Extracting MORE Features from Map Services

Back in August 2015 I posted information about how you can extract features from a map service.  Since then, I have had many contact me about modifying the code so it can extract features beyond the record limit set in the map service.  So today I decided to work on one that does!

To test the script, I headed over to the map services provided by the State of California GIS.  Specifically, the one for wildfires:

http://services.gis.ca.gov/arcgis/rest/services/Environment/Wildfires/MapServer

When you scroll down a quick look will reveal that there is a maximum record count of 1000:

extractpt2-1

At the top, click on the “ArcGIS Online map viewer” link to take a look at the data.  I changed my basemap to Dark Gray Canvas so the symbology really pops.  Here is the area around Santa Clarita:

extractpt2-2

What a mess!  There sure has been a lot of fires in this area.  Clicking on the Show Table icon for the Wildfires layer will reveal how many records (wildfire polygons) I will need to extract:

extractpt2-3

I will extract all 17,550 polygons with the following Python script:

import arcpy
import urllib2
import json

# Setup
arcpy.env.overwriteOutput = True
baseURL = "http://services.gis.ca.gov/arcgis/rest/services/Environment/Wildfires/MapServer/0"
fields = "*"
outdata = "H:/cal_data/data.gdb/testdata"

# Get record extract limit
urlstring = baseURL + "?f=json"
j = urllib2.urlopen(urlstring)
js = json.load(j)
maxrc = int(js["maxRecordCount"])
print "Record extract limit: %s" % maxrc

# Get object ids of features
where = "1=1"
urlstring = baseURL + "/query?where={}&returnIdsOnly=true&f=json".format(where)
j = urllib2.urlopen(urlstring)
js = json.load(j)
idfield = js["objectIdFieldName"]
idlist = js["objectIds"]
idlist.sort()
numrec = len(idlist)
print "Number of target records: %s" % numrec

# Gather features
print "Gathering records..."
fs = dict()
for i in range(0, numrec, maxrc):
  torec = i + (maxrc - 1)
  if torec > numrec:
    torec = numrec - 1
  fromid = idlist[i]
  toid = idlist[torec]
  where = "{} >= {} and {} <= {}".format(idfield, fromid, idfield, toid)
  print "  {}".format(where)
  urlstring = baseURL + "/query?where={}&returnGeometry=true&outFields={}&f=json".format(where,fields)
  fs[i] = arcpy.FeatureSet()
  fs[i].load(urlstring)

# Save features
print "Saving features..."
fslist = []
for key,value in fs.items():
  fslist.append(value)
arcpy.Merge_management(fslist, outdata)
print "Done!"

I put in a few comments so you could see how things are done where.  This script also gives you some feedback as it runs.  I will explain the script.

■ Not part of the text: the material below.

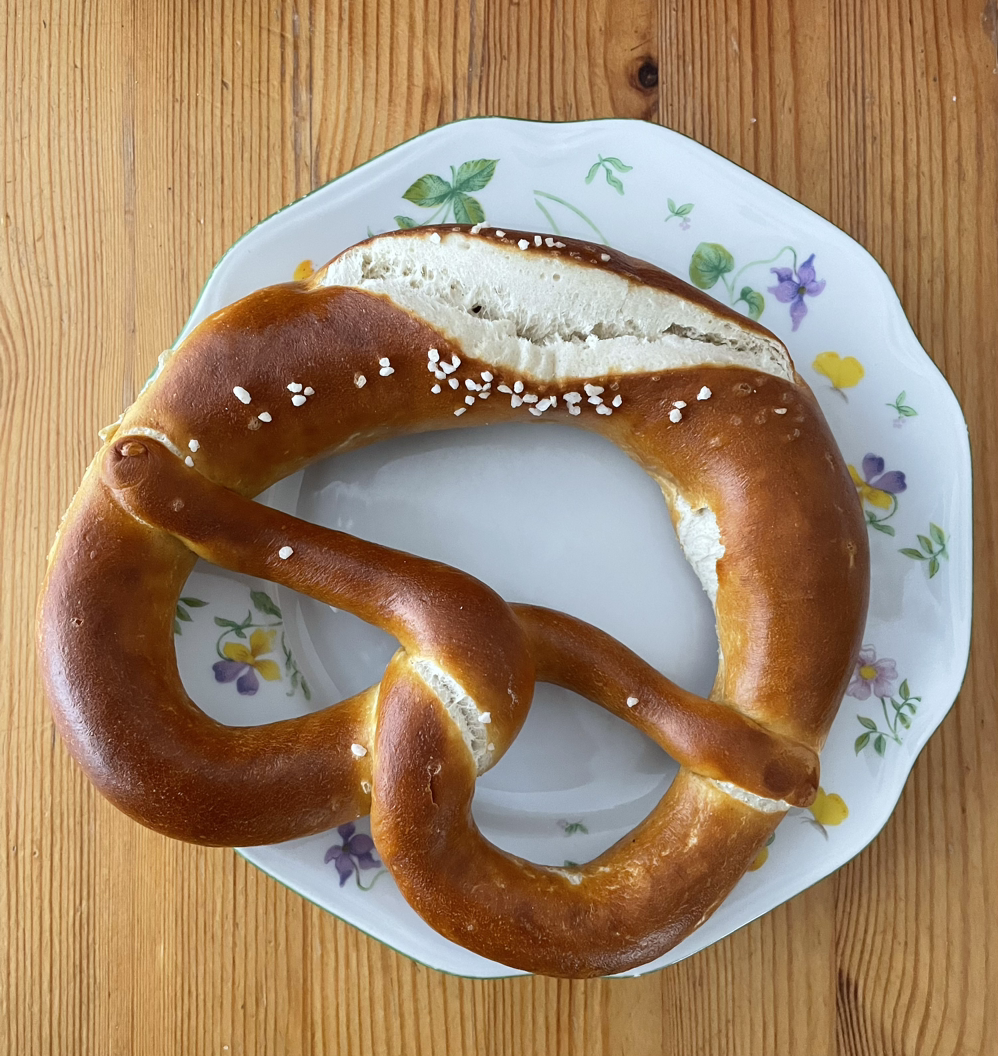 아래 사진은 잘츠브레첼[Salzbrezel](salted pretzel)이며 빵 위에 토핑(topping)으로 하얗게 묻은 것이 소금이다. 먹을 때 목 막힘을 줄여주고 출출할 때 간식으로 그냥 먹어도 좋지만 맥주와 함께 먹기도 아주 좋다.

First, it loads the arcpy module as well as the urllib2 and json modules (we need those to open the url and read in the json output).  In the Setup section, I set my baseURL variable to the wildfire map service layer 0 (you would change this line for the map service layer you are interested in), the fields variable to “*” to grab all the attributes, and the outdata variable to where I want to store my features, in this case in a file geodatabase and a feature class name of testdata (change this line to where you want to save your data, you can also specify a shapefile name instead).

Next, the script extracts the record limit for the map service and saves it to the maxrc variable.  Next, the script grabs the id field name (which in this case is OBJECTID) and all the record id numbers are stored in the idlist variable.  The id list is sorted and then the total number of records value is stored in the numrec variable.

Next, all the feature records are gathered up.  This is done by taking the total number of records and stepping through them in chunks defined by the record limit.  Since this map service has a limit of 1000, the first 1000 records are selected by the id field (OBJECTID) and saved to a temporary featureset fs[i].  It then cycles to the next 1000 records and stores those features, etc., until it reaches that last set.  Note the if statement “if torec > numrec” is a fail safe when we reach the end and our to record number we calculate is higher than the maximum number of records, and if so, the torec value is set to the last record number in the list.  After that, the loop is finished.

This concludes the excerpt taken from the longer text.